Using EcOS and EDI data
To download the appropriate series, make sure to specify the country code and indicator, for example, 111 for the USA, and NGDP for gross domestic product. Let’s try to download some WEO data.
First let’s start with WEO published data.
#Download WEO Published data for NGDP for country code 111, USA.
<- imf_datatools$get_ecos_sdmx_data('WEO_WEO_PUBLISHED', '111', 'NGDP')
df
#You can quickly glance at the tail end of the data
tail(df)
111NGDP.A
2025-01-01 3.050722e+13
2026-01-01 3.171764e+13
2027-01-01 3.294171e+13
2028-01-01 3.434213e+13
2029-01-01 3.571282e+13
2030-01-01 3.715309e+13
You will notice that the numbers are a little difficult to interpret, as the units are dollars and they are shown in scientific notation. Let’s change the scale to the one used in the WEO (billions).
#Download WEO Published data for NGDP for country code 111, USA.
<- imf_datatools$get_ecos_sdmx_data('WEO_WEO_PUBLISHED', '111', 'NGDP', scale='ecos')
df
#Quickly glance at the tail end of the data
tail(df)
111NGDP.A
2025-01-01 30507.22
2026-01-01 31717.64
2027-01-01 32941.71
2028-01-01 34342.13
2029-01-01 35712.82
2030-01-01 37153.09
Now take a closer look at a specific frequency.
#Download this same data, but at a quarterly frequency
<- imf_datatools$get_ecos_sdmx_data('WEO_WEO_PUBLISHED','111', 'NGDP', scale='ecos', freq='Q')
df
#Quickly glance at the tail end of the data
tail(df)
111NGDP.Q
2025-07-01 30680.70
2025-10-01 31006.97
2026-01-01 31277.33
2026-04-01 31572.19
2026-07-01 31865.61
2026-10-01 32155.45
Finally, download multiple countries and series at once.
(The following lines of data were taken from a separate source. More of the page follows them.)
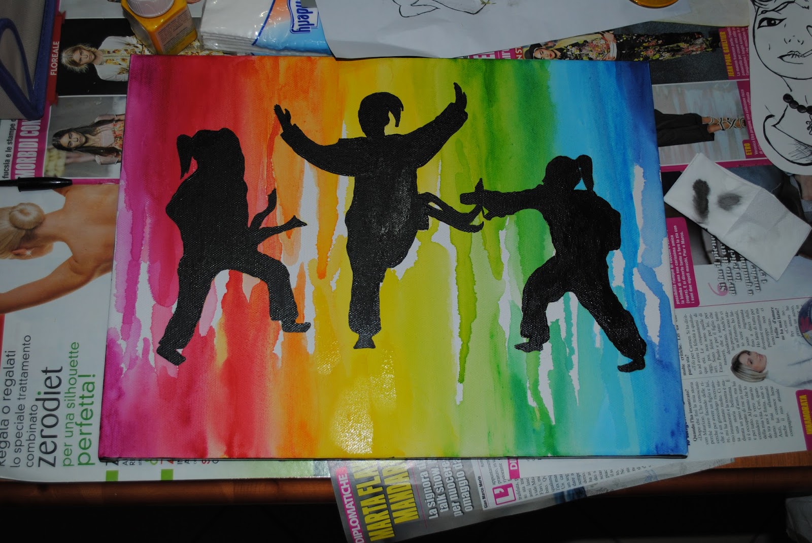 Finalmente posso postare il quadro che mi hanno commissionato per un compleanno. Spero vi piaccia!!! La mia impronta la si vede dal colore e dalla tecnica usata. Essendo un quadro per una ragazza ho dovuto modificare tutto, in modo da rendere tutto, nel complesso, un quadro più delicato nonostante il tema fosse il karate. Sinceramente è un arte di combattimento che mi ha sempre affascinata, sopratutto perchè io al contrario del karate sono un tipo molto impacciato e scordinato.
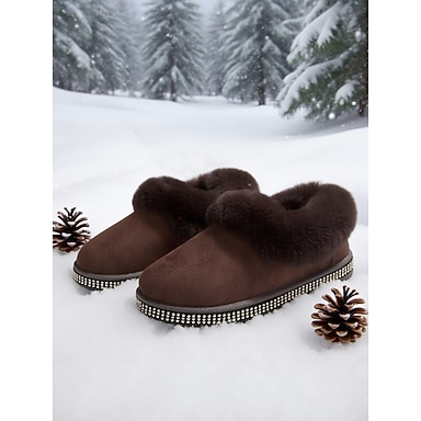 フェイクファーのトリムとラインストーンソールが付いたレディースのライトブラウンのスノーブーツ。家庭や冬のアウトドアに最適な、フェイクスエードの快適な冬用ブーツです。
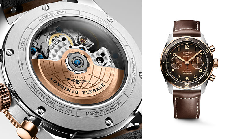 Im Inneren arbeitet das Longines Kaliber L791.4, das von der COSC als Chronometer zertifiziert wurde und eine Gangreserve von bis zu 38 Stunden bietet. Es kann durch den Saphirglasboden betrachtet werden.
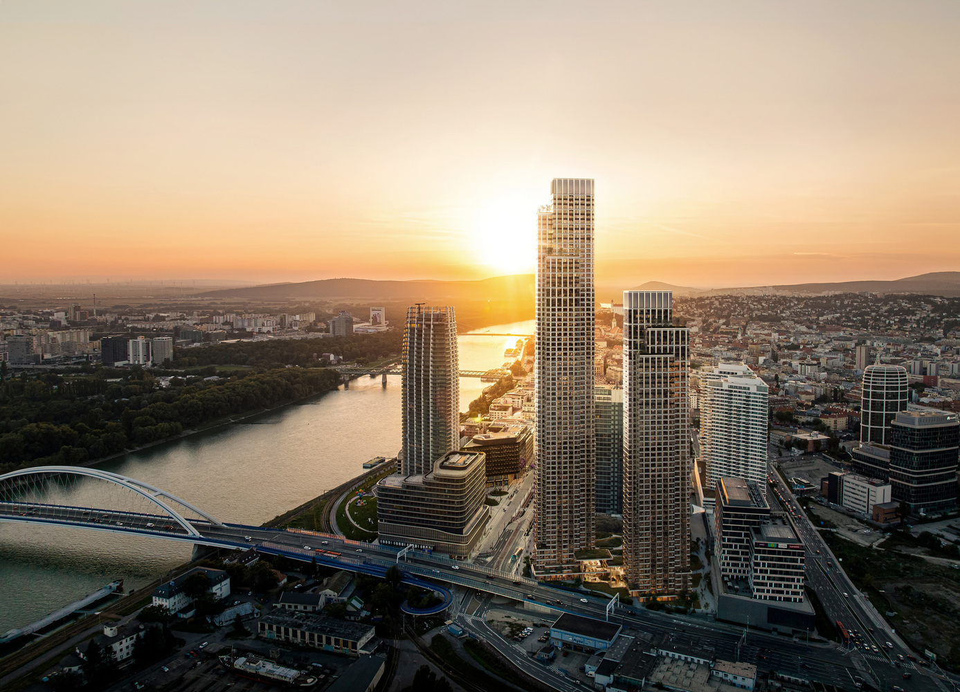 Проектная организация KCAP была выбрана для проектирования двух новых небоскрёбов в Братиславе, Словакия. Эти башни высотой соответственно 260 и 180 метров станут ключевыми дополнениями к горизонту города и внесут значительный вклад в его городской ландшафт, обеспечив более 1100 жилых единиц панорамным видом на город и ландшафт. Этот район, когда-то являвшийся промышленной зоной, подвергся существенной реконструкции, превратившись в многофункциональный городской центр, объединяющий жилые, коммерческие и развлекательные пространства. Новые башни поддерживают это продолжающееся обновление города, предлагая лёгкий доступ к общественному транспорту и близлежащим культурным достопримечательностям.
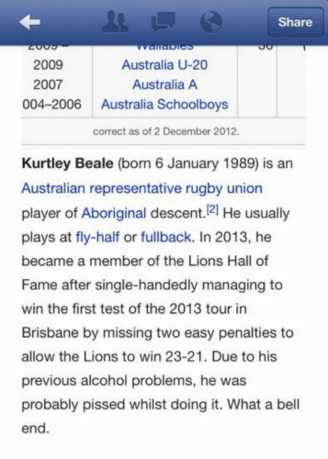 Irate fan changes Kurtley Beale's Wikipedia page after penalty slip-up
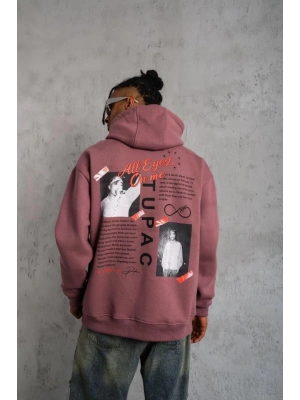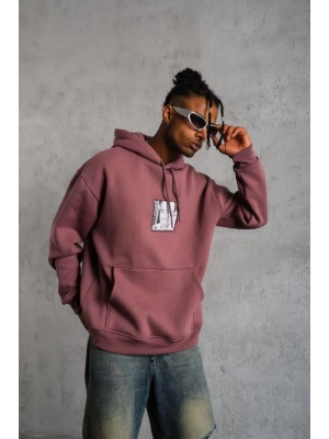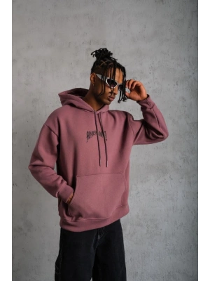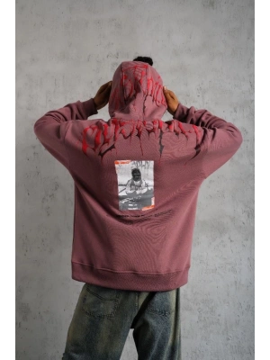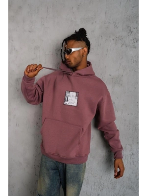 Erkek Ön ve Arka Baskılı Kapüşonlu 3 İplik Sweatshirt - Gül Kurusu
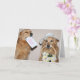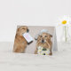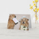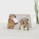 Este recuperador de oro le está dando una tarjeta del Día de la Madre y flores a una madre de oro que se merece.
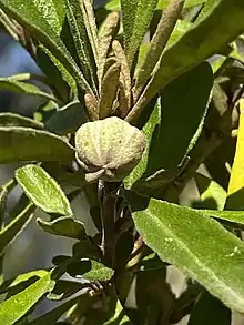 Diplolaena microcephala, commonly known as lesser diplolaena,[2] is a rounded, spreading shrub about 1.5 m (4 ft 11 in) high and similar width. The grey-green leaves are elliptic shaped, margins folded inwards, up to 30–40 mm (1.2–1.6 in) long on a petiole 2–4 mm (0.079–0.157 in) long. The leaf upper surface is sparsely covered with large rusty coloured star-shaped hairs, the underside moderately covered with stiff, large rusty coloured star shaped hairs. The outer bracts are egg-shaped to triangular, 6–10 mm (0.24–0.39 in) long, covered with short, soft, rusty coloured hairs. The inner bracts narrowly oblong to narrowing triangular, slightly longer than outer bracts. The pendulous flowers are 25 mm (0.98 in) across, with prominent stamens 15–20 mm (0.59–0.79 in) long and vary in colour from red-green, red-orange or pinkish and are borne at the end of branches. Flowering occurs sporadically throughout the year.[3][4][5]

#Download multiple countries and series in one command from ECOS
<- imf_datatools$get_ecos_sdmx_data('WEO_WEO_PUBLISHED',c('111', '193'), c('NGDP', 'GGR'), scale='ecos')
df
#Quickly glance at the tail end of the data
tail(df)
111GGR.A 111NGDP.A 193GGR.A 193NGDP.A
2025-01-01 9576.032 30507.22 1020.056 2818.239
2026-01-01 10312.742 31717.64 1071.168 2945.565
2027-01-01 10789.839 32941.71 1118.061 3085.038
2028-01-01 11129.959 34342.13 1166.897 3229.983
2029-01-01 11507.495 35712.82 1221.181 3380.686
2030-01-01 11981.010 37153.09 1278.539 3538.743
Using Haver data
For Haver data, make sure to specify the series and the database, such as GDP@USECON.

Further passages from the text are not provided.